** Source data follows **

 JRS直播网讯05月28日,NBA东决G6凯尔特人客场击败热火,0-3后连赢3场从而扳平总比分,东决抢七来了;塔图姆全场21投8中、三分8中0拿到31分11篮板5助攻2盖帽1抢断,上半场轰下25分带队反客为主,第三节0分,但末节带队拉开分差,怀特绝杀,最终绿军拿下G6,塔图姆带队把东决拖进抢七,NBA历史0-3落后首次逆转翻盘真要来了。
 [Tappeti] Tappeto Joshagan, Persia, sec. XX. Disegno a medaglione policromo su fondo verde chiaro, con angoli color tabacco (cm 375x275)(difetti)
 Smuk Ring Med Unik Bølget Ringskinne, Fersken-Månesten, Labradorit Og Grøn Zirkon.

** End of Source data **
** Source data follows **

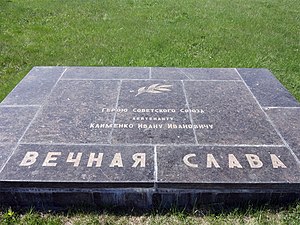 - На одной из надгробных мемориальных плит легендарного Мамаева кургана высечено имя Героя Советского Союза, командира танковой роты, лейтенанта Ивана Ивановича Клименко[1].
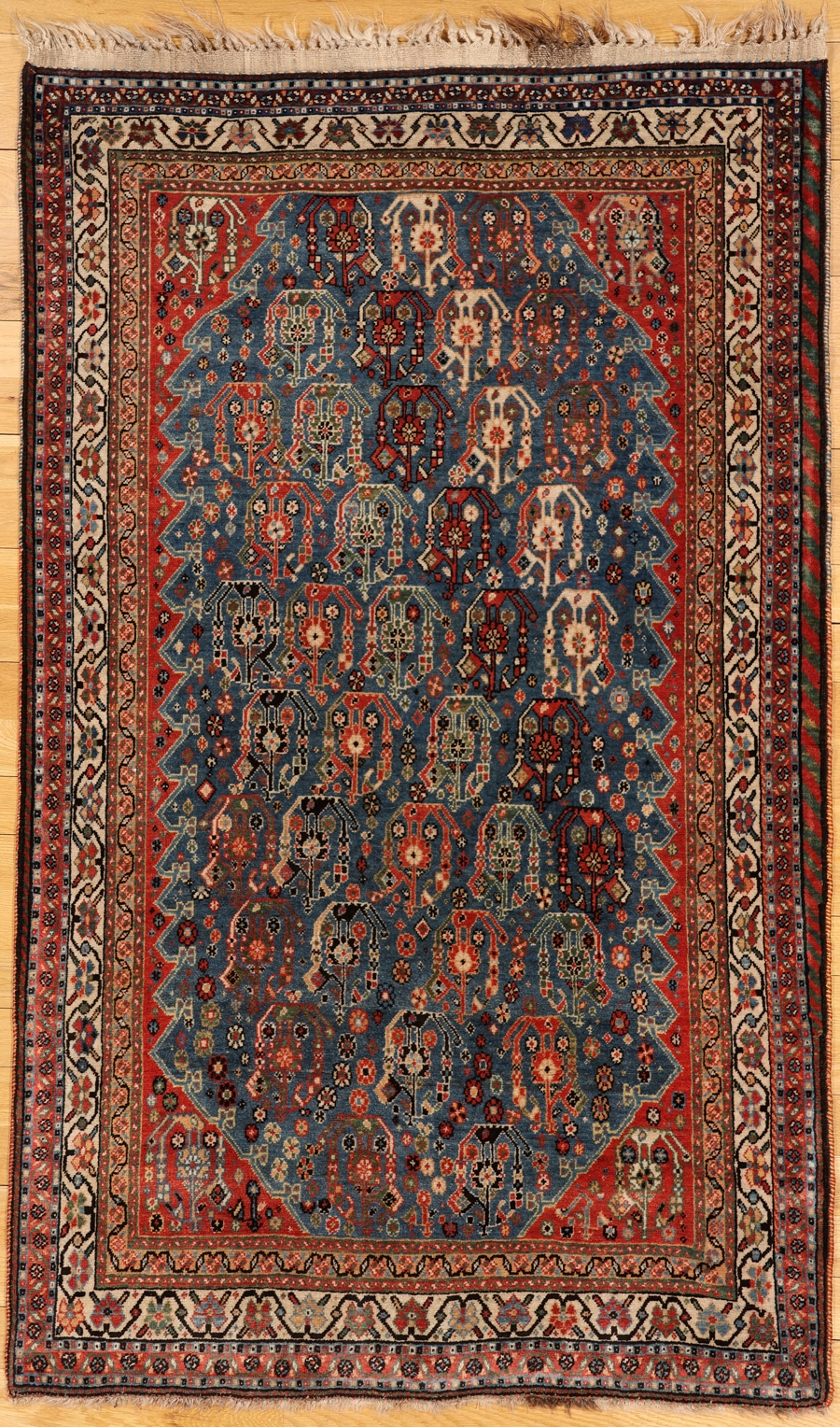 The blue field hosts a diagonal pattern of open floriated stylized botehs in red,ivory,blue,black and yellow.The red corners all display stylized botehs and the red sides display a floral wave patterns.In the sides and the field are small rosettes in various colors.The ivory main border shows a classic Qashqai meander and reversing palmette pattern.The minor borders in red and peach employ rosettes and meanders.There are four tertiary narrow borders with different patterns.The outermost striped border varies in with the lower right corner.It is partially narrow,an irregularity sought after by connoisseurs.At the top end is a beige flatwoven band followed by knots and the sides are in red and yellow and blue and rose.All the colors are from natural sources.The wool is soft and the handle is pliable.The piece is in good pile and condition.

** End of Source data **
** Source data follows **

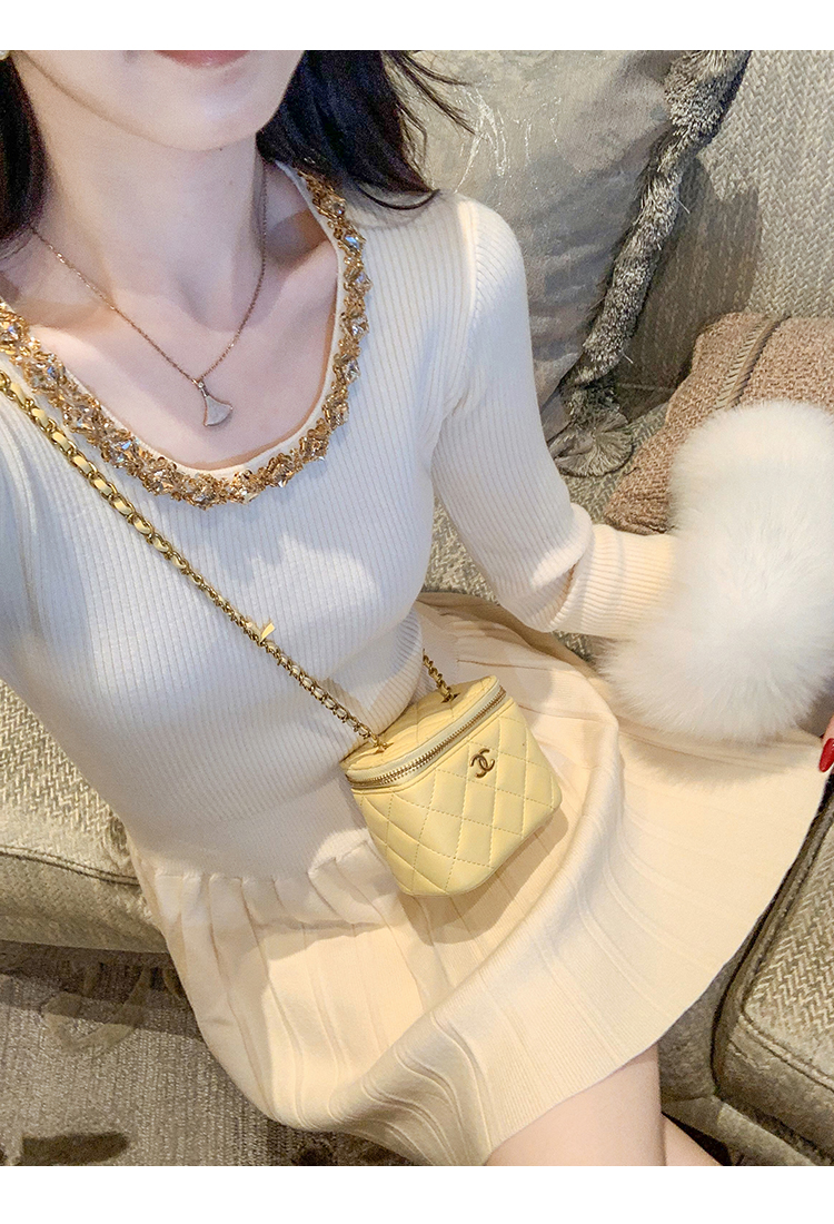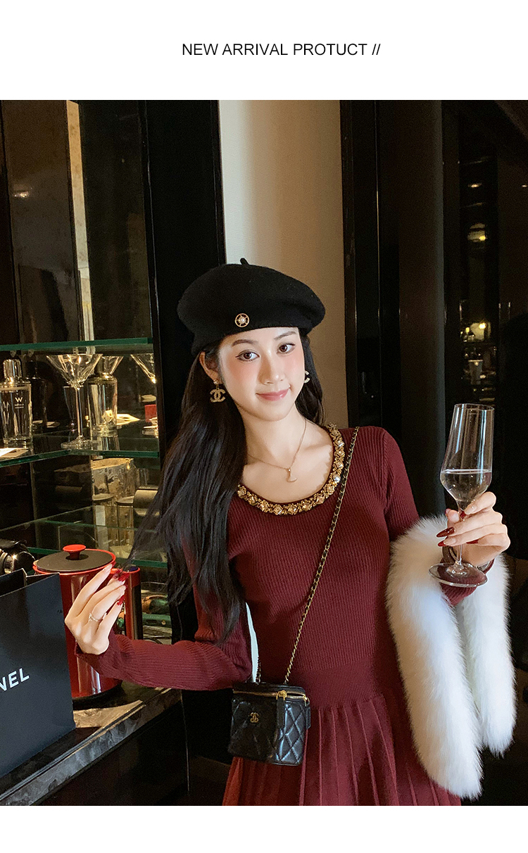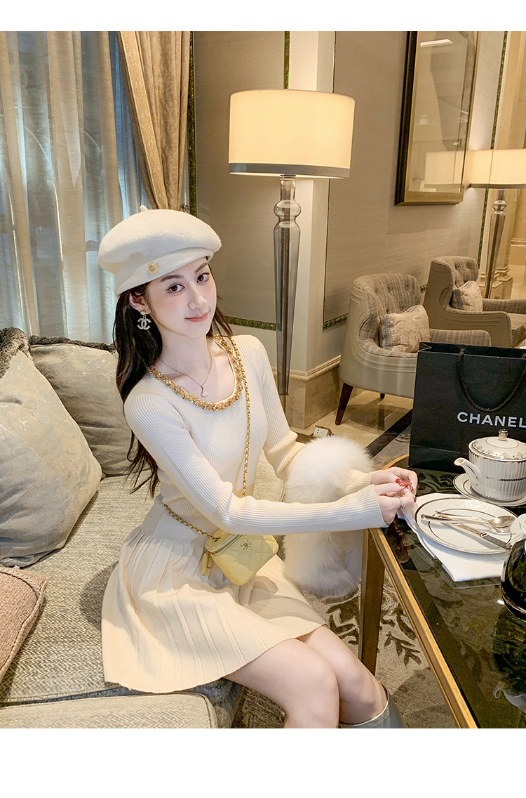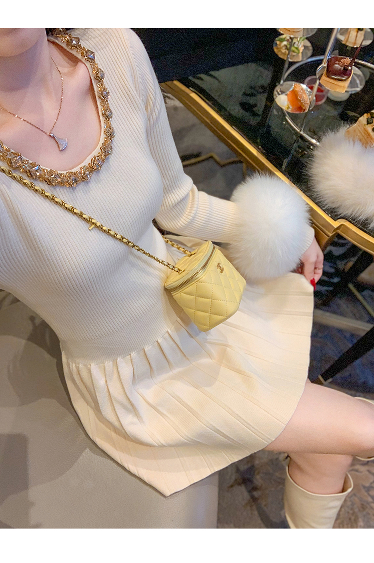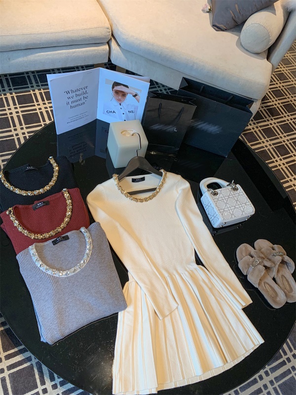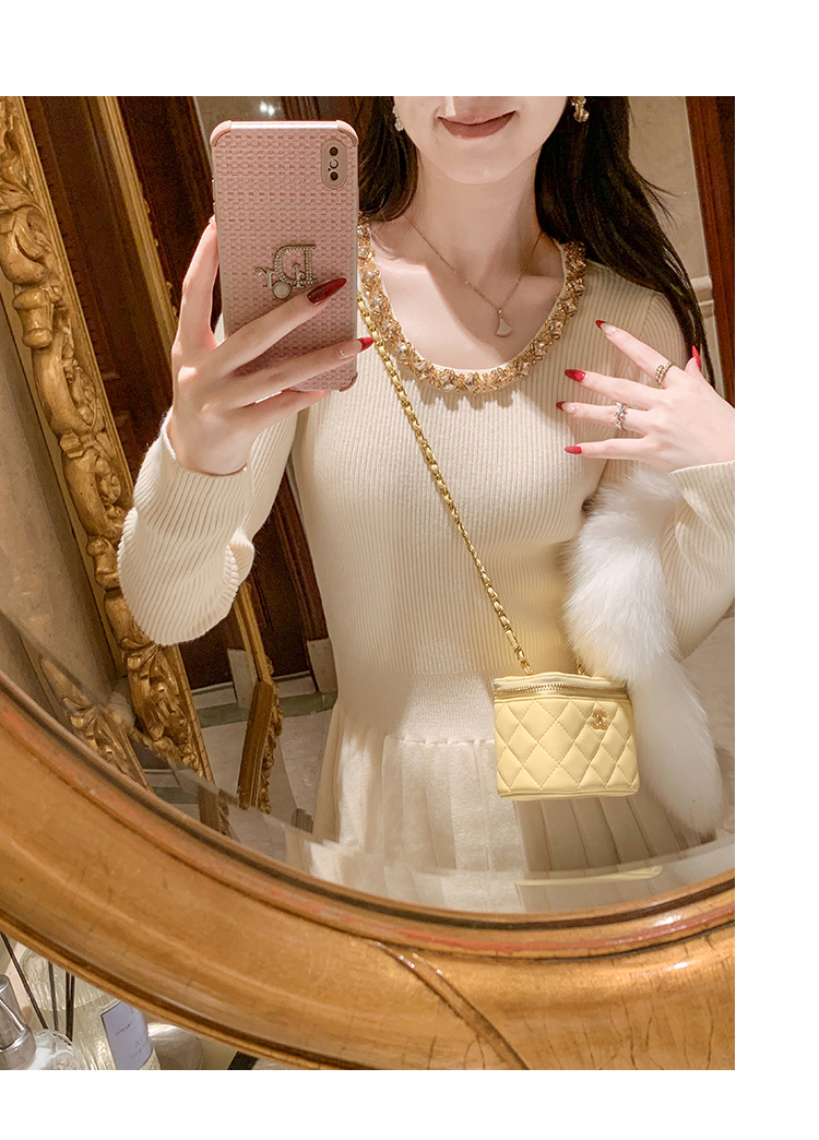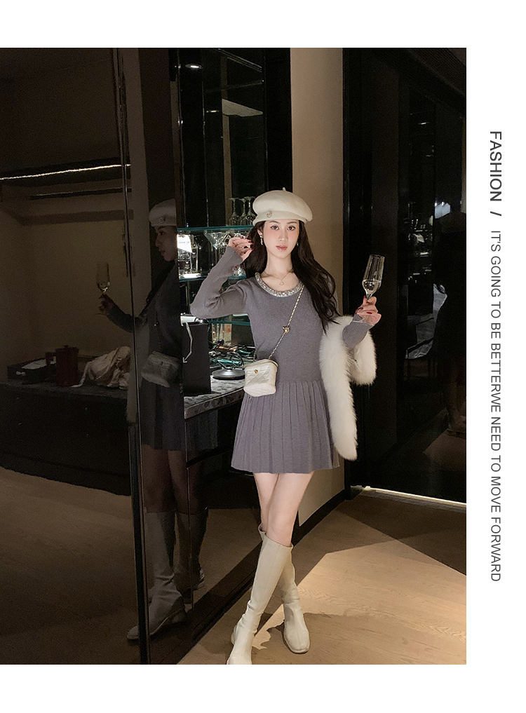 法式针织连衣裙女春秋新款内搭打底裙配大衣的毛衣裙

** End of Source data **

> Your assignment:
Above are the records. Print exactly, and only, the lines from the line with "JRS直播网讯05月28日,NBA东决G" to the line with "Smuk Ring Med", both inclusive.

> Answer section:
 JRS直播网讯05月28日,NBA东决G6凯尔特人客场击败热火,0-3后连赢3场从而扳平总比分,东决抢七来了;塔图姆全场21投8中、三分8中0拿到31分11篮板5助攻2盖帽1抢断,上半场轰下25分带队反客为主,第三节0分,但末节带队拉开分差,怀特绝杀,最终绿军拿下G6,塔图姆带队把东决拖进抢七,NBA历史0-3落后首次逆转翻盘真要来了。
 [Tappeti] Tappeto Joshagan, Persia, sec. XX. Disegno a medaglione policromo su fondo verde chiaro, con angoli color tabacco (cm 375x275)(difetti)
 Smuk Ring Med Unik Bølget Ringskinne, Fersken-Månesten, Labradorit Og Grøn Zirkon.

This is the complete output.